__EXTRACTED MATERIAL__:
▶

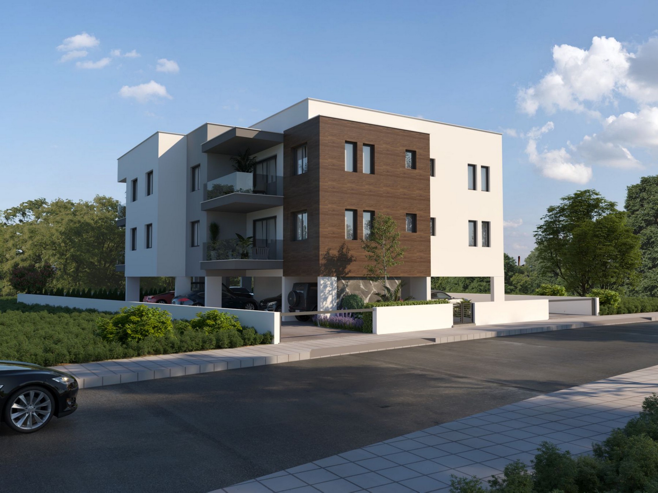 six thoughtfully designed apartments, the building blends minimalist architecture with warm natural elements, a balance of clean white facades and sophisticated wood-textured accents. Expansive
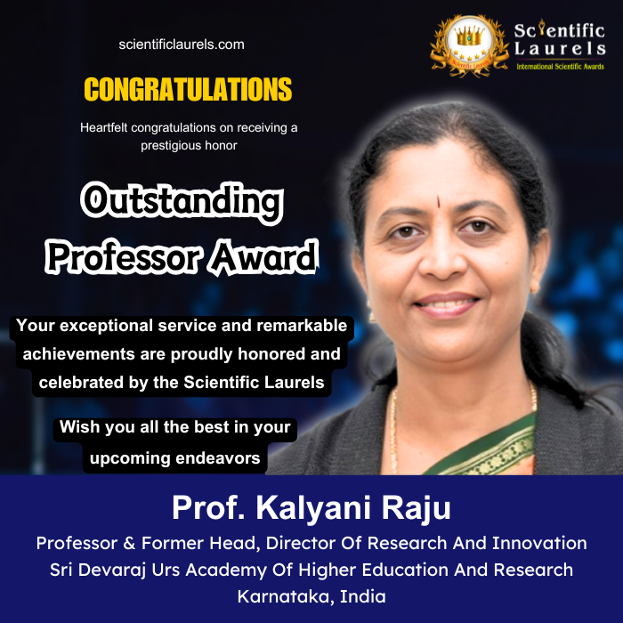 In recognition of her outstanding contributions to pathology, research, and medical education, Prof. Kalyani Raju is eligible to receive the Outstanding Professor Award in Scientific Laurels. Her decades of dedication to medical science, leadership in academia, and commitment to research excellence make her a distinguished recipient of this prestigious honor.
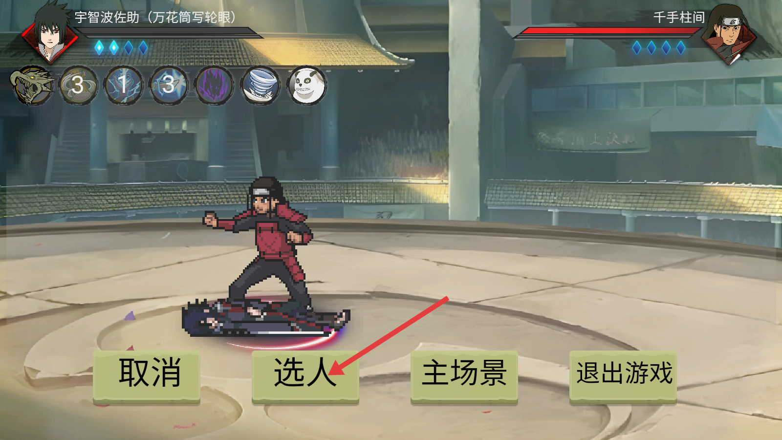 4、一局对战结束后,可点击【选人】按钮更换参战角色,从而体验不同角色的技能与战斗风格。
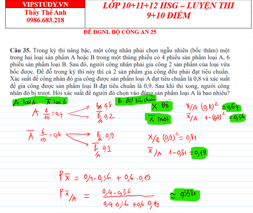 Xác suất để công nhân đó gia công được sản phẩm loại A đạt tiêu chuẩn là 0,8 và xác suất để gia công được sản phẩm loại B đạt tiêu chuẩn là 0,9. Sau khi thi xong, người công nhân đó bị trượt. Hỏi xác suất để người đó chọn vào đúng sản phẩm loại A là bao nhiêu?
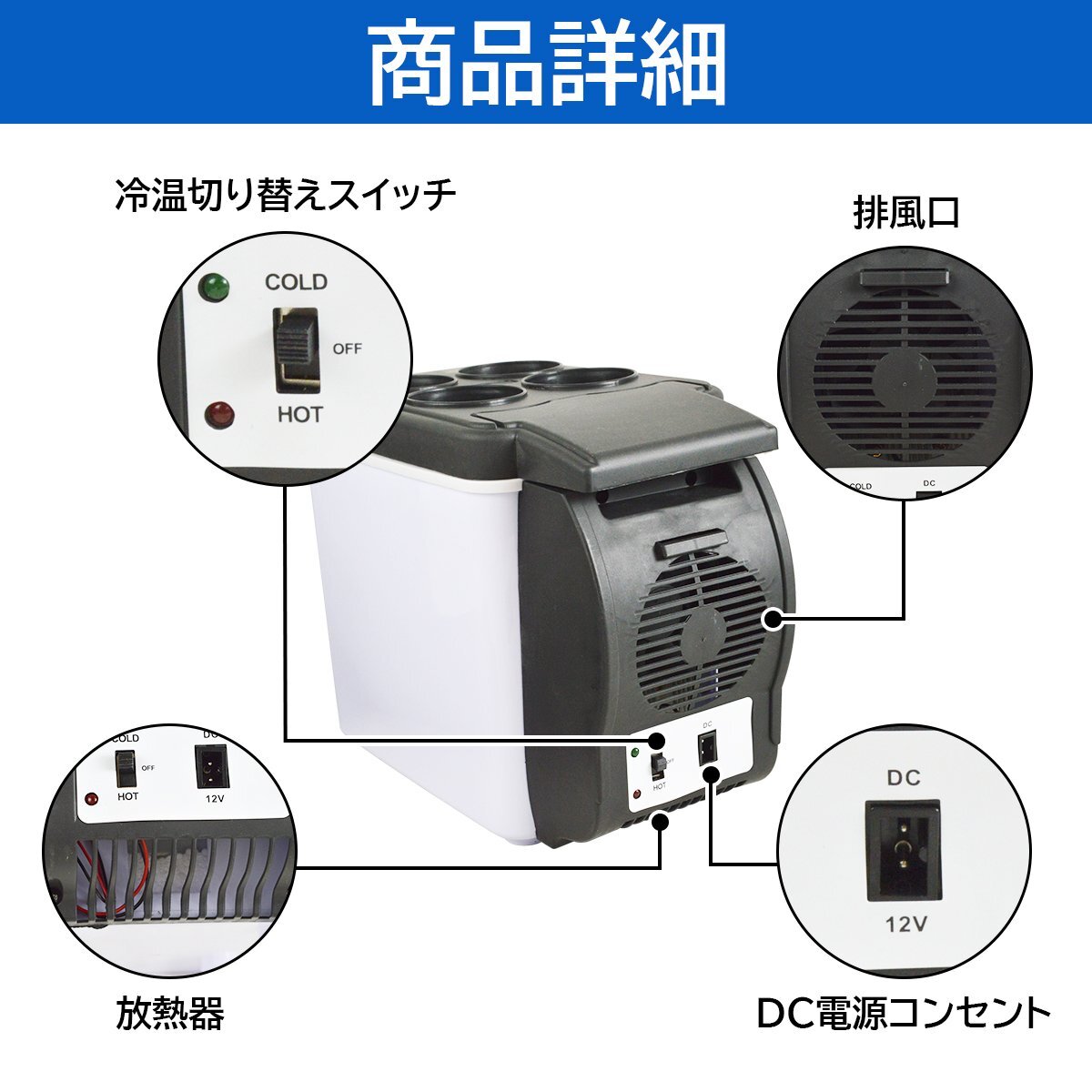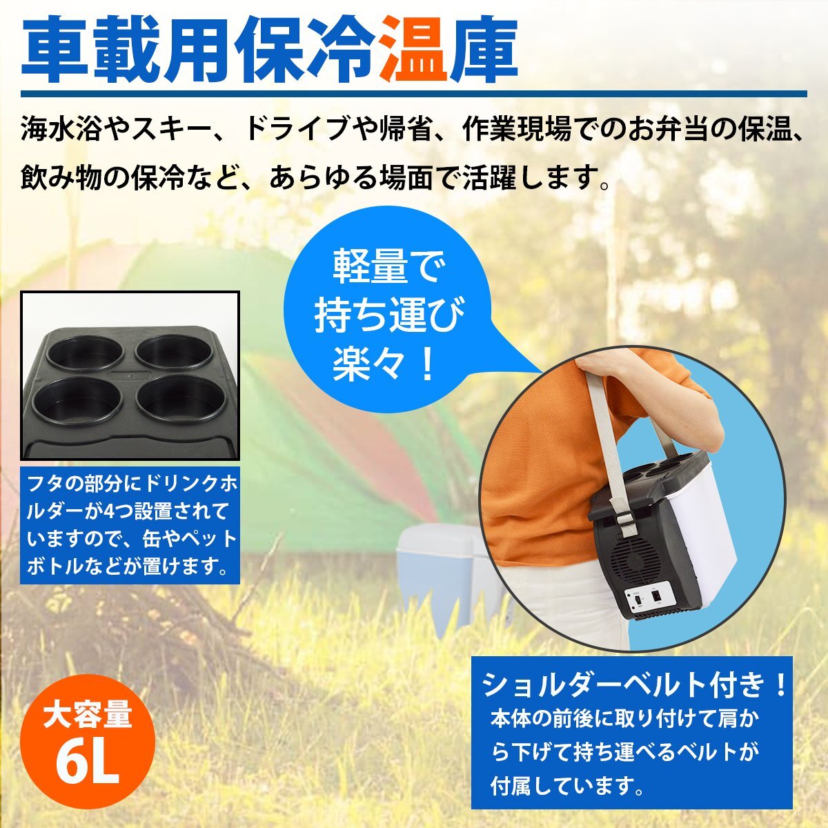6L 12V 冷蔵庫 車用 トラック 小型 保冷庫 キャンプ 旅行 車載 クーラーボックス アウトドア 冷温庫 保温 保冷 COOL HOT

◀

__TASK DESCRIPTION__: Starting at the first line of the material, output exactly the lines up to and including the one with "4、一局对战结束后,可点击【". Do not include the pictures.

__TASK RESULT__:
 six thoughtfully designed apartments, the building blends minimalist architecture with warm natural elements, a balance of clean white facades and sophisticated wood-textured accents. Expansive
 In recognition of her outstanding contributions to pathology, research, and medical education, Prof. Kalyani Raju is eligible to receive the Outstanding Professor Award in Scientific Laurels. Her decades of dedication to medical science, leadership in academia, and commitment to research excellence make her a distinguished recipient of this prestigious honor.
 4、一局对战结束后,可点击【选人】按钮更换参战角色,从而体验不同角色的技能与战斗风格。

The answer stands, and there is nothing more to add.